Data below:
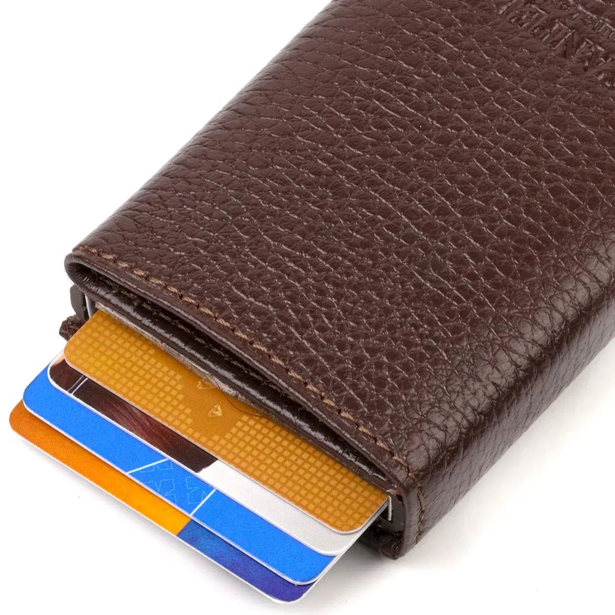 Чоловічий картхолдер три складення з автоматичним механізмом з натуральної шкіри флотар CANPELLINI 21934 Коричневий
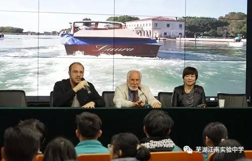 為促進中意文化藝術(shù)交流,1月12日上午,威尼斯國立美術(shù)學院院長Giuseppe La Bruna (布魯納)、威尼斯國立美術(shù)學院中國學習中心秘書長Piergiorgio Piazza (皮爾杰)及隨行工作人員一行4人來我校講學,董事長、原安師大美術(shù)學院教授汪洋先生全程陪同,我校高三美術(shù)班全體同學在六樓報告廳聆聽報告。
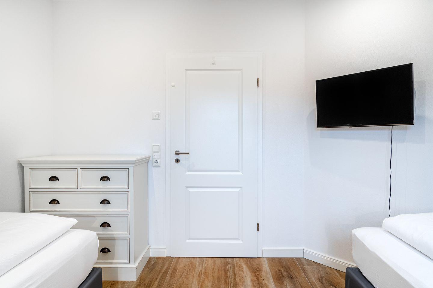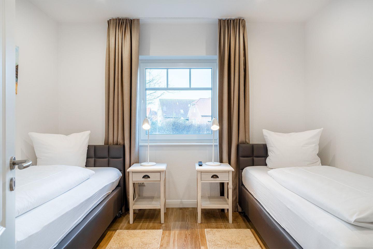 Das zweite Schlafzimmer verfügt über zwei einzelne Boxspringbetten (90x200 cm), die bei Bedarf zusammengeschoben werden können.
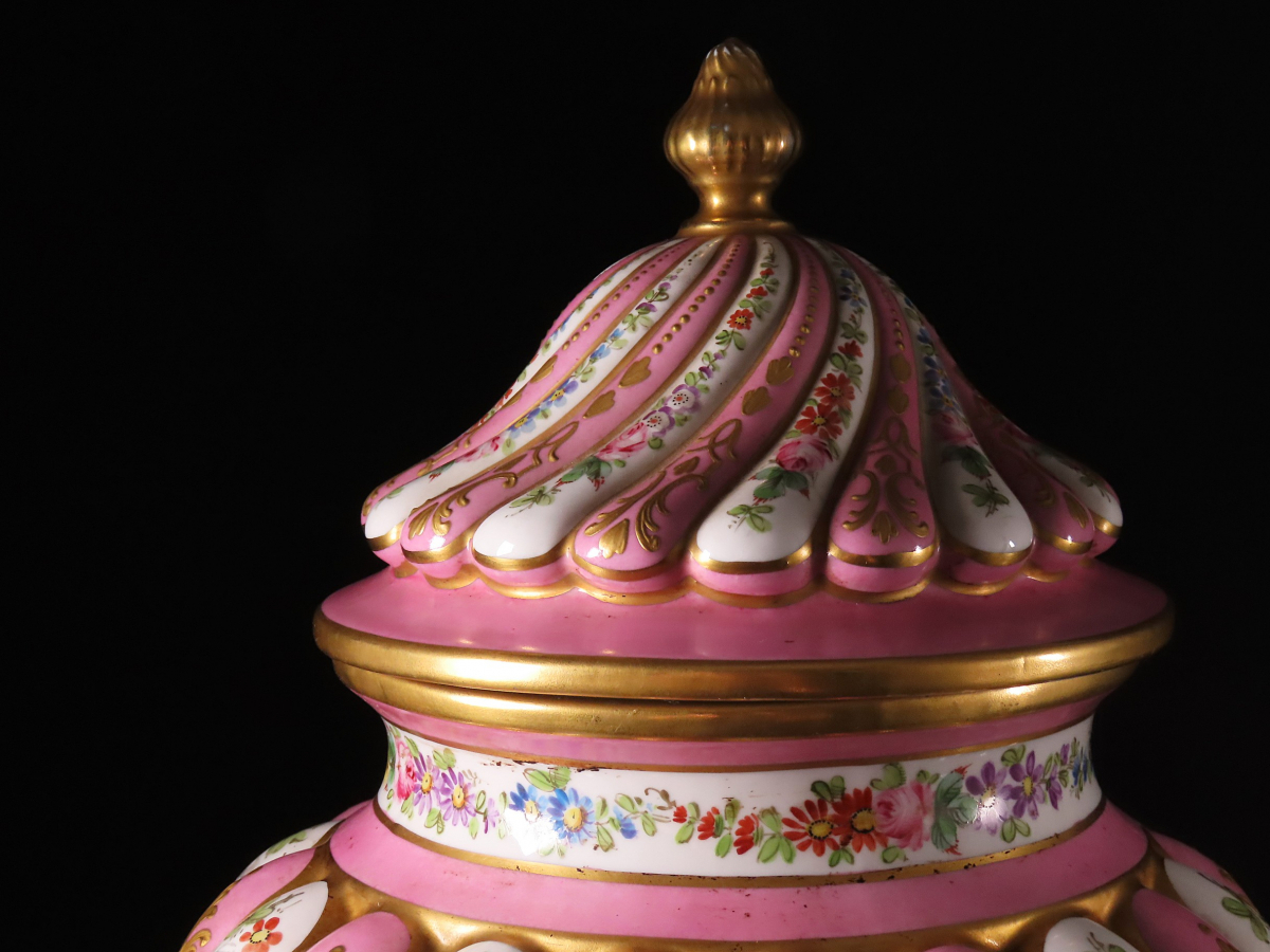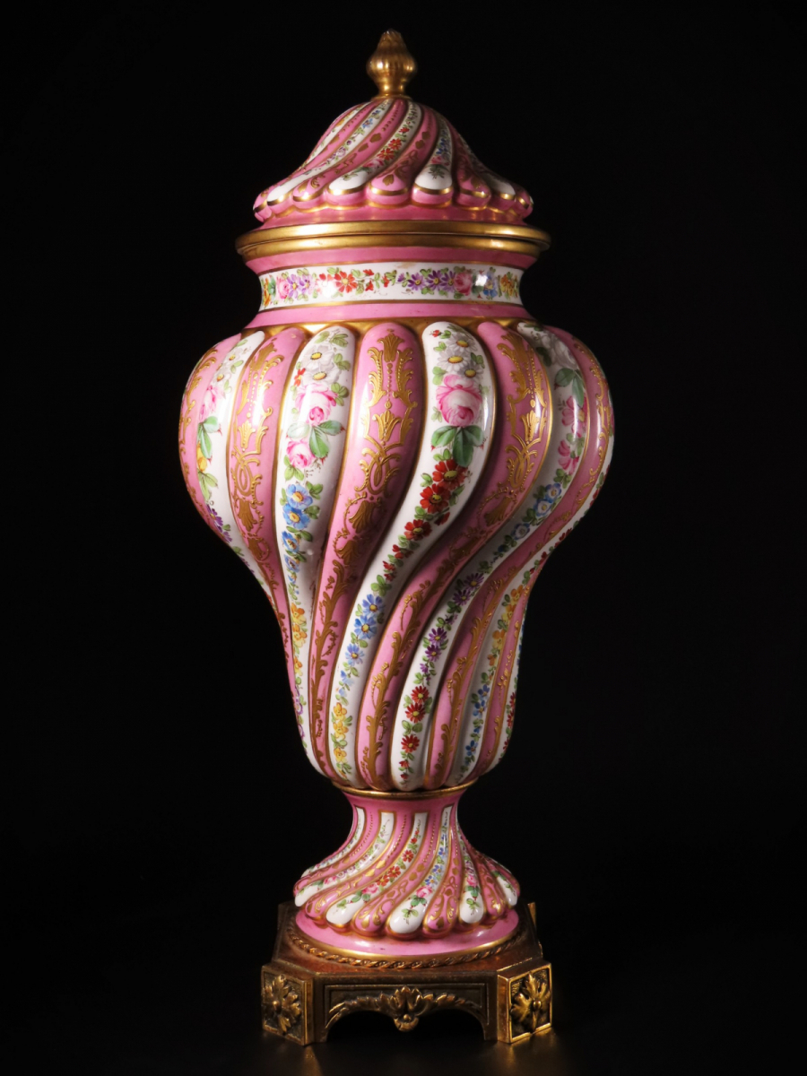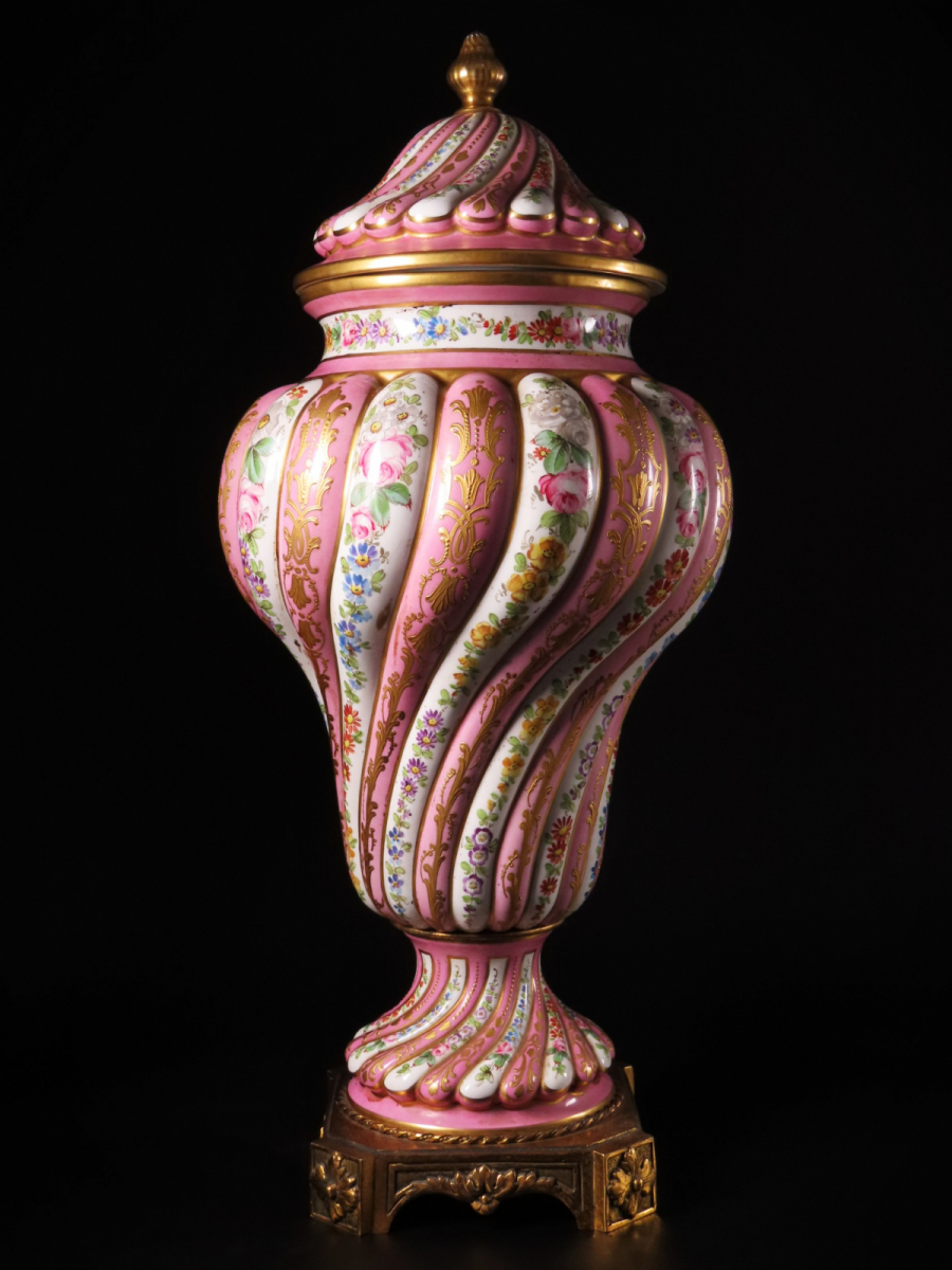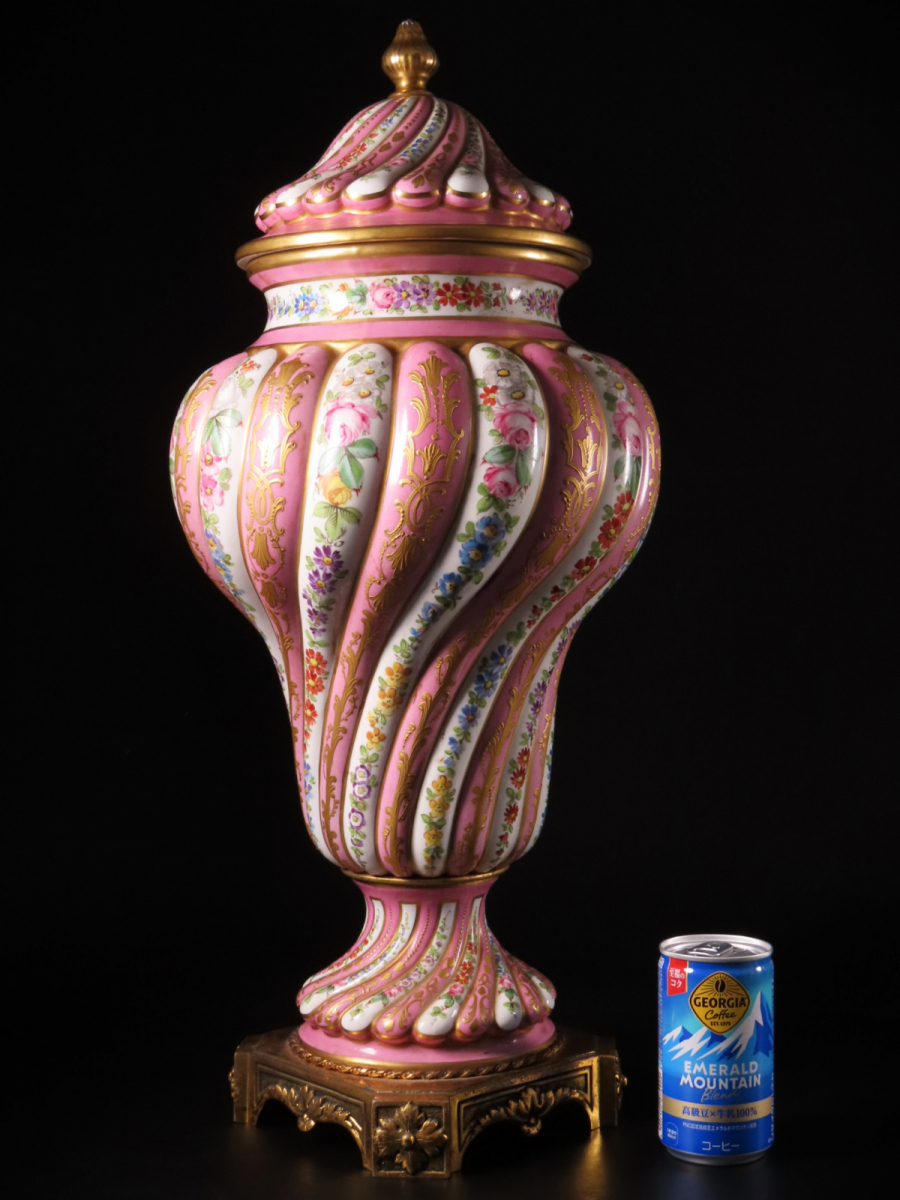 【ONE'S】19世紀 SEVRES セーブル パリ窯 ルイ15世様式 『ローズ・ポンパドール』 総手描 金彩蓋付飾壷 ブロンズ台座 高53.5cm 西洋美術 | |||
End of Data.
Data below:
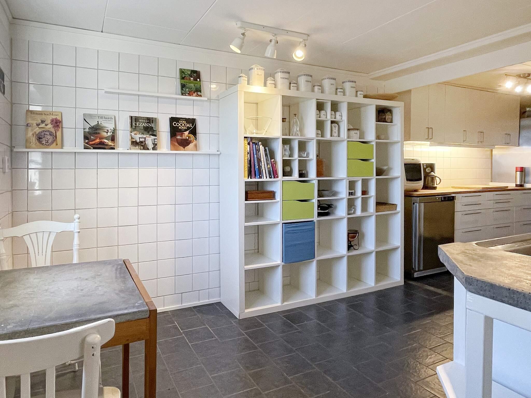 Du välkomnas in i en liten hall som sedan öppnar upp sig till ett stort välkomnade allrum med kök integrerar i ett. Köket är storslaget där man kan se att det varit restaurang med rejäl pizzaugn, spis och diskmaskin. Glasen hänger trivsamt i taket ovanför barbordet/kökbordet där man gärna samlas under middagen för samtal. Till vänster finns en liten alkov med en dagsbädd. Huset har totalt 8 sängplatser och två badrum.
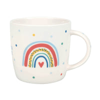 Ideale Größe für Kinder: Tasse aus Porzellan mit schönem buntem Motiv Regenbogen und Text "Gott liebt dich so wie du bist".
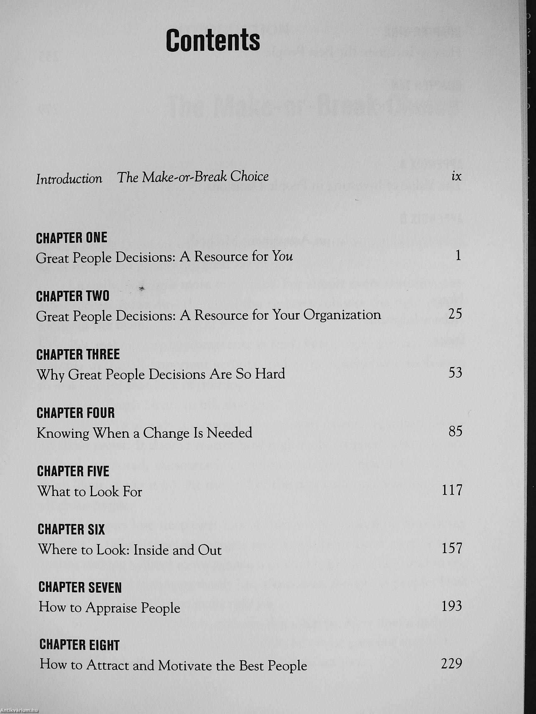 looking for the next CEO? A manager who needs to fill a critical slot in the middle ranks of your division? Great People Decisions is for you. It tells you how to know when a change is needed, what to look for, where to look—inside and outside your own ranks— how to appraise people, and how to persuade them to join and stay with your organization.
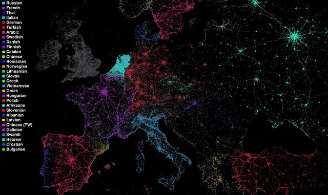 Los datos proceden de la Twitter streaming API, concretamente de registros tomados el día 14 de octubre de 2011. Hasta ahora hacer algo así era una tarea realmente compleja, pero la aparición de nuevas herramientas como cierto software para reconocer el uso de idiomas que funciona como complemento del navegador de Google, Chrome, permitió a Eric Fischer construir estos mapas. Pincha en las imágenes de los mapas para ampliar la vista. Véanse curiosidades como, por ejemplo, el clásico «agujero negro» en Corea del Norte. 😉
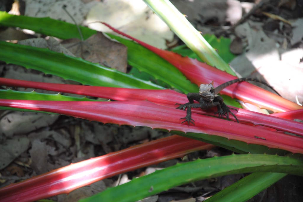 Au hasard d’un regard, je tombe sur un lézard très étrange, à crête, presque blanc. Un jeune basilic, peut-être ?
End of Data.
### Task requirements
Without the pictures, give again exactly the lines above starting at the line containing "為促進中意文化藝術(shù)交流,1月12日上午,威尼斯國立美術(shù)學院院長Giuseppe La Bruna" and ending at the line containing "高53.5cm 西洋美術 | |||".

### Exercise output
 為促進中意文化藝術(shù)交流,1月12日上午,威尼斯國立美術(shù)學院院長Giuseppe La Bruna (布魯納)、威尼斯國立美術(shù)學院中國學習中心秘書長Piergiorgio Piazza (皮爾杰)及隨行工作人員一行4人來我校講學,董事長、原安師大美術(shù)學院教授汪洋先生全程陪同,我校高三美術(shù)班全體同學在六樓報告廳聆聽報告。
 Das zweite Schlafzimmer verfügt über zwei einzelne Boxspringbetten (90x200 cm), die bei Bedarf zusammengeschoben werden können.
 【ONE'S】19世紀 SEVRES セーブル パリ窯 ルイ15世様式 『ローズ・ポンパドール』 総手描 金彩蓋付飾壷 ブロンズ台座 高53.5cm 西洋美術 | |||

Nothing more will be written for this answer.